With one notable exception, our probands did not exhibit pathogenic CNVs in the microarray screen. Using a SNP array, the index case of family R4 presented a heterozygous deletion in USH2A spanning exons 58–64. This deletion was validated with quantitative real-time polymerase chain reaction in exons 61, 63, and 64 (data not shown).

Targeted deafness gene sequencing of 30 HL individuals (from 23 unrelated families) and 9 normal-hearing controls was performed with one of two panel types consisting of known and suspected HL genes. Twenty-two of 30 individuals (16 of 23 index probands) and 8 of 9 controls were sequenced with the 80-gene panel, and 8 individuals (7 probands and 1 control) were sequenced with the 129-gene panel. The 80-gene panel produced 222.8 kb of targeted sequence, covering 1,258 exons and flanking sequence, and yielded an average of 8.2 ± 1.5 million reads per sample, with approximately 86% mapping to the targeted regions. The average mean depth for the targeted regions was 311.8 ± 86.3; 98.4 ± 2.9% of the exons had a coverage ≥10 reads. The 129-gene panel achieved a total of 313.0 kb of targeted sequence, covering 1,902 exons and flanking sequence.
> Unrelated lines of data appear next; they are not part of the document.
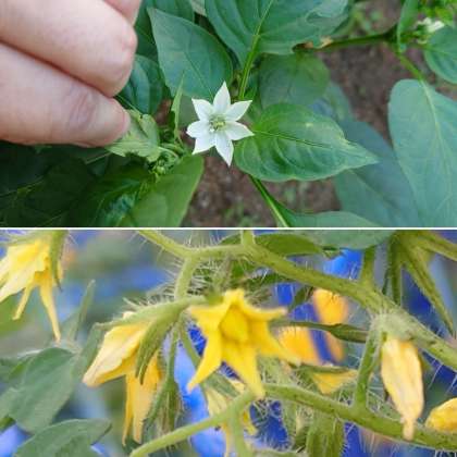 答えは、白い花がピーマン、黄色の花がミニトマトの花でした。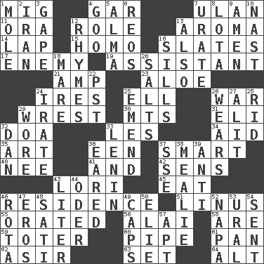 ACROSS 1. Russian fighter aircraft 4. Slender fish 7. ____ Bator 11. Mouth or opening 12. Hero or heavy, e.g. 13. Scent 14. Pet locale 15. Same (prefix) 16. Chalkboards 17. Foe 19. Aide 21. Electrical Unit 23. Medicinal plant 24. Angers 25. Pipe bend 26. Armed conflict 29. Obtain by seizing forcibly or violently 30. Mountains (abbr.) 31. Connecticut Ivy Leaguer 32. ___ good deed 33. French article 34. Help 35. Nonscientific branch of learning 36. Car or cant ending 37. Don Adams' spy role 40. Born 41. Also 42. Elected reps. 43. Australian parrot (variant) 45. Erode 46. Dwelling 51. "_ and Lucy" (Charlie Brown theme song) 55. Declaimed 56. Mountain range southwest of Kyrgyzstan 58. "We ___ not amused" (Victoria) 59. Carrier 60. Corncob 61. Baking dish 62. SW Saudi Arabia district 63. Put into a specified state 64. Keyboard modifier key DOWN 1. Undercover agent 2. SW Asia republic 3. Yawn 4. Thick or sticky substance 5. _ mater 6. Vintage cars 7. A salt of uric acid 8. Globular water bottle used in Asia 9. So be it 10. Political cartoonist Thomas 12. Poems 13. In addition 16. Beverly of Met fame 18. Female horse 20. Table seasonings 22. Pacific Standard Time (abbr.) 24. Feeling or showing extreme anger 25. Make improvements or corrections to 26. Puts on (as clothing) 27. Came down and settled, as after flight 28. To free from 29. Had on 32. Daniel's nick name 33. Soviet premier 1918-24 36. Having ears or earlike features 37. Compass dir. 38. Ear of corn 39. Opposed to 43. 61 cubic inches 44. Baltic tributary 46. Roll call or roster of names 47. Greek god of love 48. Suttee (variant) 49. Balmoral and tarboosh 50. Writer Wiesel 52. California wine valley 53. Mountain range 54. Transmitted 57. Fitting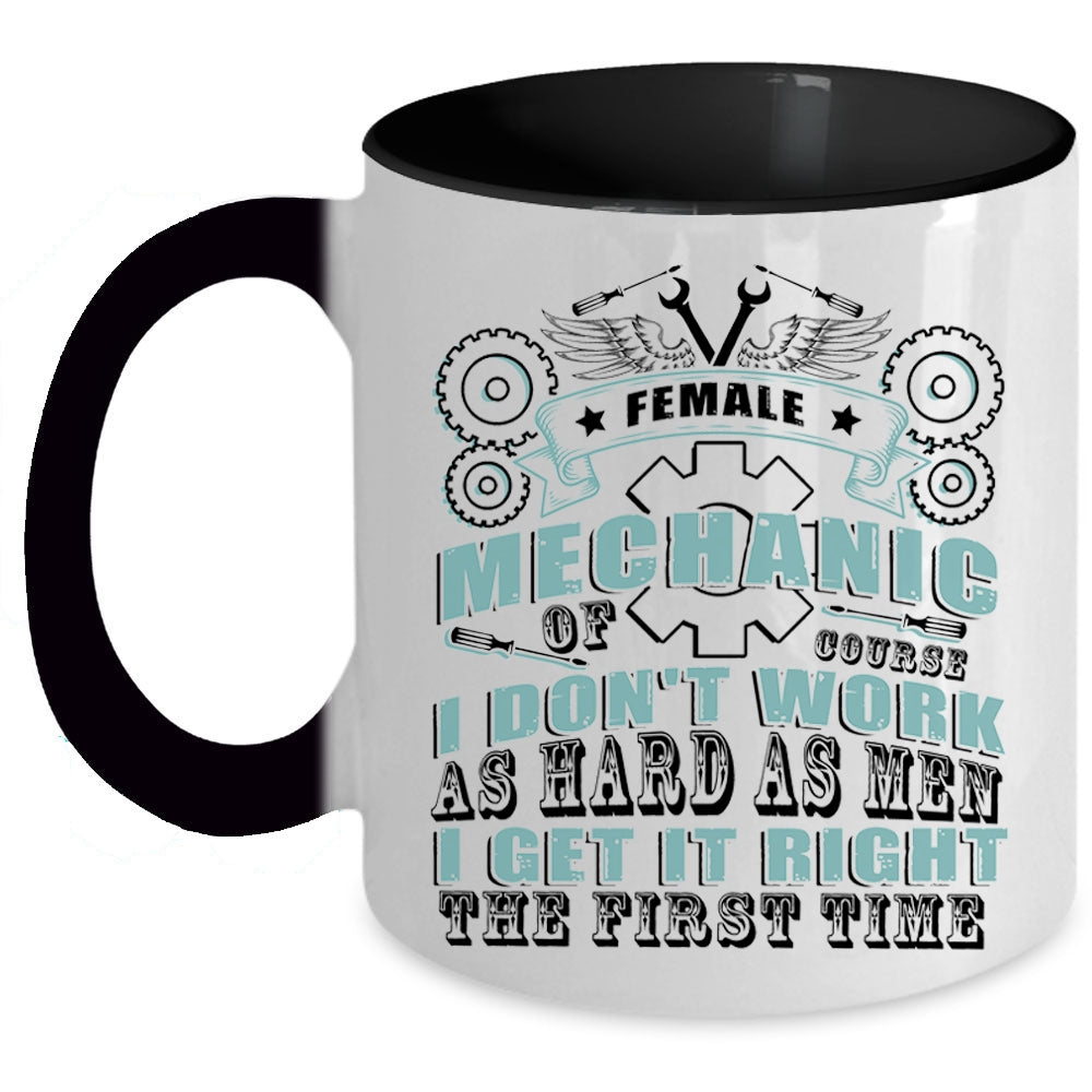 I Don't Work As Hard As Men Coffee Mug, Female Mechanic Accent Mug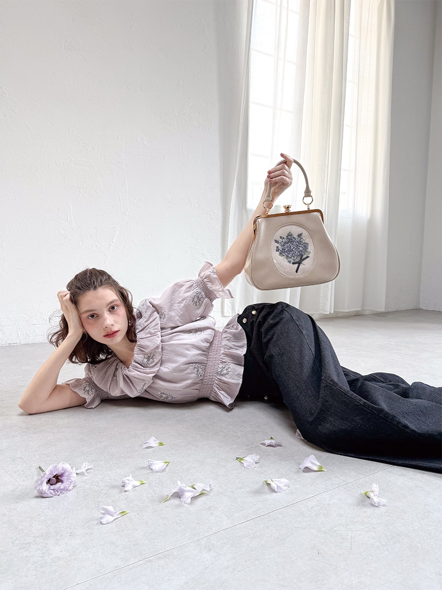 フレームスミレ刺繍がま口バッグ/an another angelus ¥13,200 tax in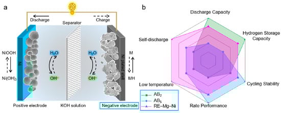 Schematic illustration of a Ni-MH battery (a) and radar chart comparison of AB2-type, AB5-type, and RE-Mg-Ni-based hydrogen storage alloys (b). Reprinted with permission from Ref. []. Copyright 2021, KeAi Publishing.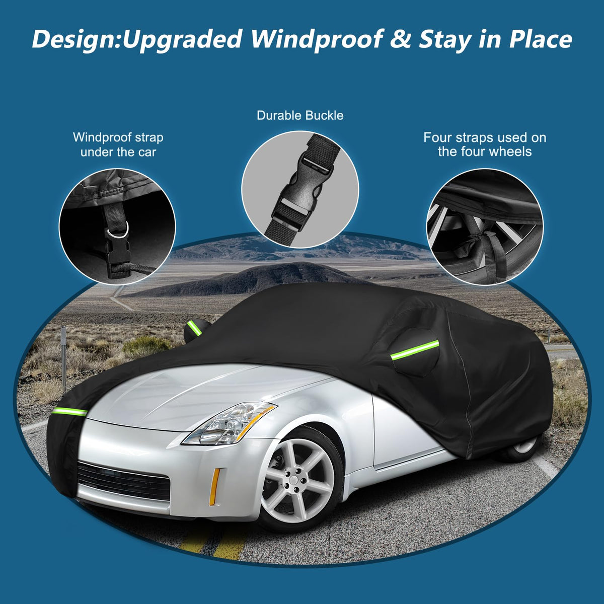 Car Cover Waterproof for 2003-2009 Nissan 350Z,210D Oxford Cloth with Cotton Outdoor Car Covers with Zipper Windproof Heavy Duty

An average of 6.8 ± 0.5 million reads per sample were acquired, with approximately 88% mapping to their targets. The average mean depth for the targeted regions was 246.2 ± 14.9; 98.7 ± 0.1% of the covered exons had ≥10 reads. The run statistics from both panel types per individual are presented in Supplementary Table S3 online. Missed or low-coverage exons were shared in common among samples.

Analysis of both panel types yielded a total of 89 variants in probands and 14 variants in controls (Supplementary Table S4 online). The affected individuals had a total of 68 missense, 10 frameshift, 3 indel, 5 nonsense, and 3 splice variants. Controls had 11 missense, 1 frameshift, and 2 indel variants.
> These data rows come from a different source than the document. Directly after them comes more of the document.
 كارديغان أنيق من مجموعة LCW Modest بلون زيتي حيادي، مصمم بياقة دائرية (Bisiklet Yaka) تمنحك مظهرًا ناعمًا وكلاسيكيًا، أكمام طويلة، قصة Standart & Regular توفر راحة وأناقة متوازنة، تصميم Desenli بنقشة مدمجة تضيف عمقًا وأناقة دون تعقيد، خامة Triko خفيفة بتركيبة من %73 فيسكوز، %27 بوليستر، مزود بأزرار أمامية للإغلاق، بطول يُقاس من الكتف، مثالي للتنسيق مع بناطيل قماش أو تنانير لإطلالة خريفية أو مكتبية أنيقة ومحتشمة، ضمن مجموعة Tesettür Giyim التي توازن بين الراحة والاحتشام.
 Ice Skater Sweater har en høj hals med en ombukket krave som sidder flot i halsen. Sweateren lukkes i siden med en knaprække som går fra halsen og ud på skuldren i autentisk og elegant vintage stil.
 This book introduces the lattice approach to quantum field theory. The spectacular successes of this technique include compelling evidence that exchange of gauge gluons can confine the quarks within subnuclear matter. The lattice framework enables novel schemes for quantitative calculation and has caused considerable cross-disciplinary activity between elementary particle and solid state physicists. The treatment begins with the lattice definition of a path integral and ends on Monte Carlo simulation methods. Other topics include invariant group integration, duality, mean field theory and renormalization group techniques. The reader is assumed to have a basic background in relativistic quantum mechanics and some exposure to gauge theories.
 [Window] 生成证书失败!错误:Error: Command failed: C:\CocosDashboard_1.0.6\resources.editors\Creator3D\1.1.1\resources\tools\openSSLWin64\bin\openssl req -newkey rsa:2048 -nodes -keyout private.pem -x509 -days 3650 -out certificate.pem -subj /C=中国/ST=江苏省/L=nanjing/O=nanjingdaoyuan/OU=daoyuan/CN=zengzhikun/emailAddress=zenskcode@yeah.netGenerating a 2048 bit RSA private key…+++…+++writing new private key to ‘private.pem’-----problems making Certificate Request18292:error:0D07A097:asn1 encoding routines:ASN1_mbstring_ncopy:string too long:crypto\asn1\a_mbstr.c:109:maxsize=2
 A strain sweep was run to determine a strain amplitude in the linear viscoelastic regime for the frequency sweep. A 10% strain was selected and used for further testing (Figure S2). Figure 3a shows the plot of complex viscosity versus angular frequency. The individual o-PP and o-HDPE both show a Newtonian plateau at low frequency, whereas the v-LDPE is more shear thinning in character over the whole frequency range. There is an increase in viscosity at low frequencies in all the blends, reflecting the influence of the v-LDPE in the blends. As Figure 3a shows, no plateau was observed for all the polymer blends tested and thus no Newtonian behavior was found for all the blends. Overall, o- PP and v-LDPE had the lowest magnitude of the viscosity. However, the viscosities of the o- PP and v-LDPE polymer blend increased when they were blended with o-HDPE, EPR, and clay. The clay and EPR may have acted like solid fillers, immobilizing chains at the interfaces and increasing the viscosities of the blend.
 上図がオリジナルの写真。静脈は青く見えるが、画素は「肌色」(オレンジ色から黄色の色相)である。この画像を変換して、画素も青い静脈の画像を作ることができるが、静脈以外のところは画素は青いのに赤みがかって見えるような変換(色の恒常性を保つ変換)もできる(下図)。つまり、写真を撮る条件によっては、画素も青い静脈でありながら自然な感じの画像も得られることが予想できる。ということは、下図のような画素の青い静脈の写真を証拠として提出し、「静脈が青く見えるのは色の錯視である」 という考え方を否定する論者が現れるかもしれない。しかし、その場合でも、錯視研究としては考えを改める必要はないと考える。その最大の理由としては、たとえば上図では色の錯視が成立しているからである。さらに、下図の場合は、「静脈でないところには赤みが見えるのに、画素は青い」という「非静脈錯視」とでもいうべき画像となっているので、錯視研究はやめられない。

Variant spectrum and diagnosed individuals

Applying conservative filtering strategies to the genes common in both panels, 42 of the 80 target genes did not show a single pathogenic variant in 23 probands and 9 controls. Fourteen genes (ACTG1, COL9A3, EYA4, GATA3, KCNJ10, LHFPL5, MARVELD2, MYO1F, MYO3A, MYO6, OTOA, TCF21, TMC1, and TMIE) displayed a single variant, six (ERCC2, ESPN, OTOR, TMPRSS5, USH1C, and WSF1) two variants, seven (GJB3, DSPP, MYH9, MYO1C, PCDH15, SPINK5, and TECTA) three variants, seven (CCDC50, CDH23, GJB2, MYO1A, MYO15A, SLC26A4, and TRIOBP) four variants, three (GJB4, MYO7A, and OTOF) five variants, and one (MYH14) seven variants that met the criteria for potential pathogenicity, evolutionary conservation, and additional filtering criteria such as depth and quality (Supplementary Table S4 online). A correspondence analysis of the identified variants in the entire data set with 23 probands and 9 controls did not reveal any clustering; in particular, there was no split between affected individuals and controls (data not shown). In this context, it is important to emphasize that all these potentially pathogenic variants represent in silico predictions and usually additional information is needed to identify the disease-causing mutation(s) in a particular case and family. For example, improper segregation of a variant in a dominant family or detection of the same variant in a recessive family or control clearly argues against its pathogenicity. In three probands, we found two damaging variants in a gene conferring recessive HL, that is, in GPR98 and twice in OTOF, but both were inherited on the same allele from a normal-hearing parent. Also, if clinical features and audiograms were not in agreement with the typical HL of a mutated candidate gene, the individual remained in the undiagnosed group.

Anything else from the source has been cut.